* [Task item]
Pictures must not appear; the answer is exactly the lines from the one that holds "赤ちゃんのお口の発達研究から" through the end of the material.

* [Supplied data]

__________________________________________________

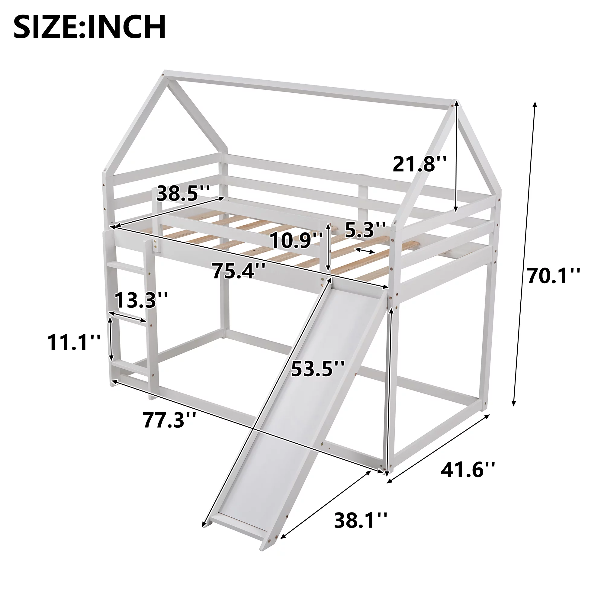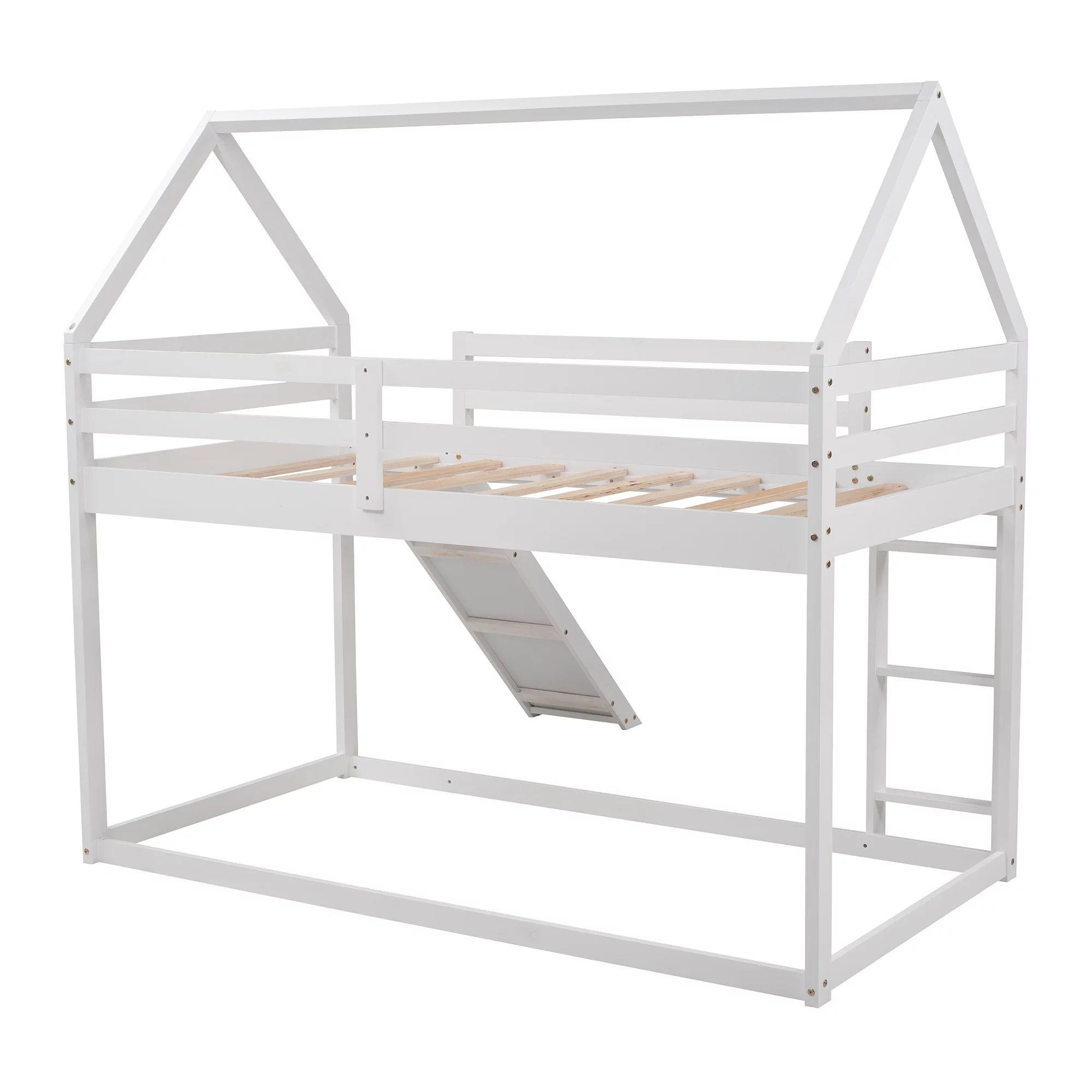 Floor Bunk Beds with Slide and Ladder, Twin Over Twin House-Shaped Bunk Beds with Guardrail for Kids, No Box Spring Needed
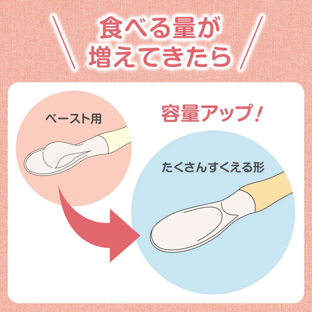 赤ちゃんのお口の発達研究から生まれたスプーンです。ムリに食べさせたり、飲ませたりするのではなく、赤ちゃん自身が適切量を食べたり飲んだりできるように促すことができます。
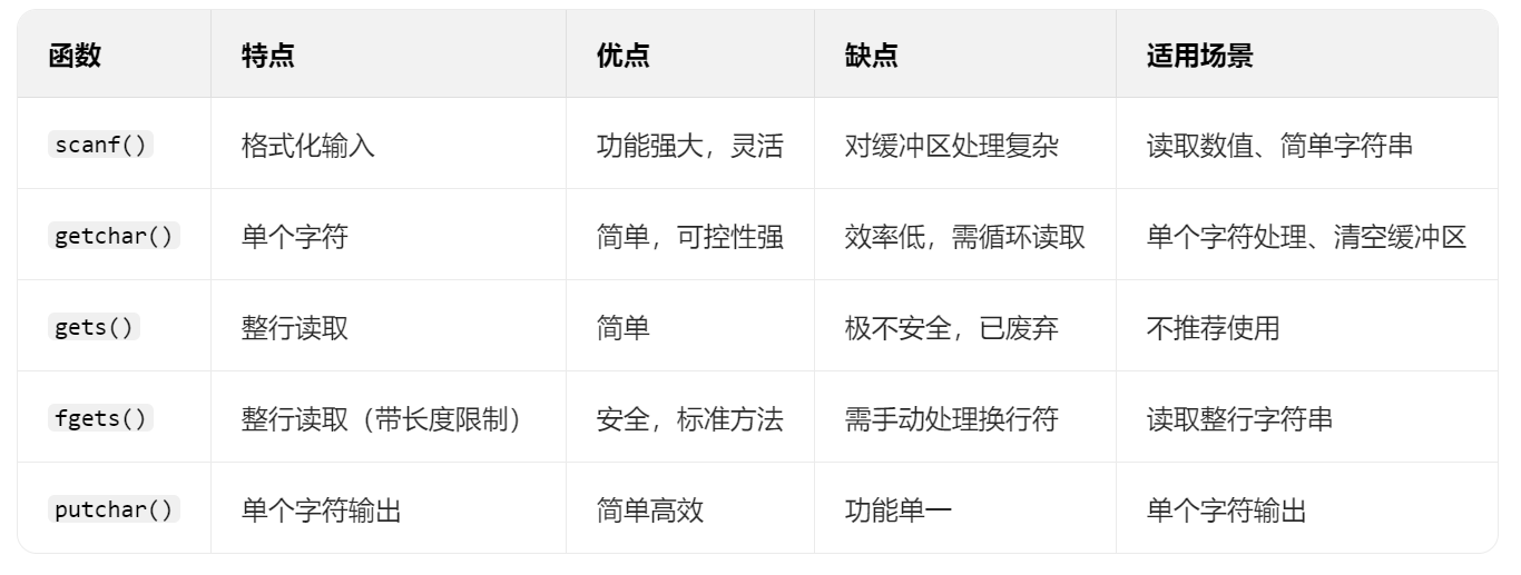 ,它是危险的。 - 处理好换行符:混合输入时,记得清空缓冲区。

__________________________________________________

* [Expected output]
 赤ちゃんのお口の発達研究から生まれたスプーンです。ムリに食べさせたり、飲ませたりするのではなく、赤ちゃん自身が適切量を食べたり飲んだりできるように促すことができます。
 ,它是危险的。 - 处理好换行符:混合输入时,记得清空缓冲区。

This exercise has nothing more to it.